The copy you give must match the records exactly, except that it holds no images.

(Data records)
------------------------------------------------------------
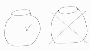 А вот есть небольшой ньюанс по форме горшка, точнее его горлышка. Оно должно быть как бы с "шейкой", тогда из горшочка меньше убегает. Попыталась нарисовать, как могла...
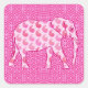 Mixed pattern digital graphic of a richly embellished elephant against an arabesque tiled background - paisley pattern in shades of deep to light fuchsia pink against a pale ice pink background
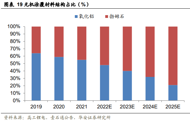 现阶段,无机涂覆隔膜占据绝大部分市场份额,占据统治地位,远远超过有机涂覆隔膜。高工产研锂电研究所数据显示,2021 年的涂覆隔膜出货中,95% 以上为无机涂覆;其中,勃姆石 2021 年实现出货量 1.8 万吨,同比增速 120%,渗透率已经超过 60% [8]。
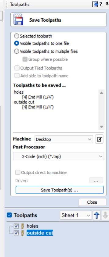 a. Ensure the list of selected toolpaths (check box) at the bottom is the order in which you want to cut (pockets first, inner cuts, then outer cuts last). You can drag and drop them where you want to place them.
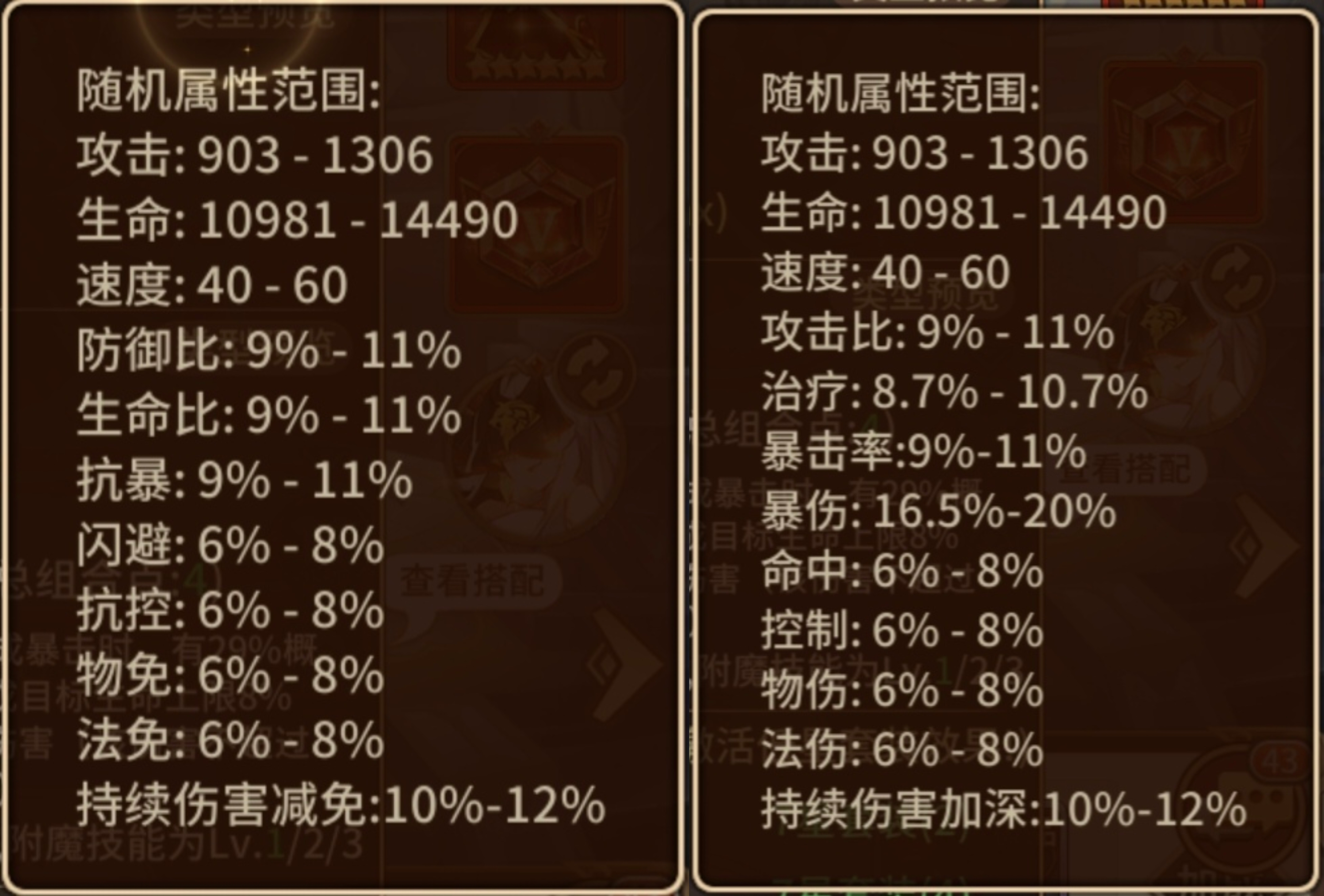 左边神装:左边的词条适合的坦克比较少,大多数玩家都是随便带,这里有两个英雄,主要是盘古和佳瑶,佳瑶可以考虑携带下面的,磨盘古一般是需要卷速度,所以我个人推荐是物伤、暴击、速度,加百利这种功能坦就洗命中和速度,剩余的一个也比较随意。
------------------------------------------------------------
(Response below)
 А вот есть небольшой ньюанс по форме горшка, точнее его горлышка. Оно должно быть как бы с "шейкой", тогда из горшочка меньше убегает. Попыталась нарисовать, как могла...
 Mixed pattern digital graphic of a richly embellished elephant against an arabesque tiled background - paisley pattern in shades of deep to light fuchsia pink against a pale ice pink background
 现阶段,无机涂覆隔膜占据绝大部分市场份额,占据统治地位,远远超过有机涂覆隔膜。高工产研锂电研究所数据显示,2021 年的涂覆隔膜出货中,95% 以上为无机涂覆;其中,勃姆石 2021 年实现出货量 1.8 万吨,同比增速 120%,渗透率已经超过 60% [8]。
 a. Ensure the list of selected toolpaths (check box) at the bottom is the order in which you want to cut (pockets first, inner cuts, then outer cuts last). You can drag and drop them where you want to place them.
 左边神装:左边的词条适合的坦克比较少,大多数玩家都是随便带,这里有两个英雄,主要是盘古和佳瑶,佳瑶可以考虑携带下面的,磨盘古一般是需要卷速度,所以我个人推荐是物伤、暴击、速度,加百利这种功能坦就洗命中和速度,剩余的一个也比较随意。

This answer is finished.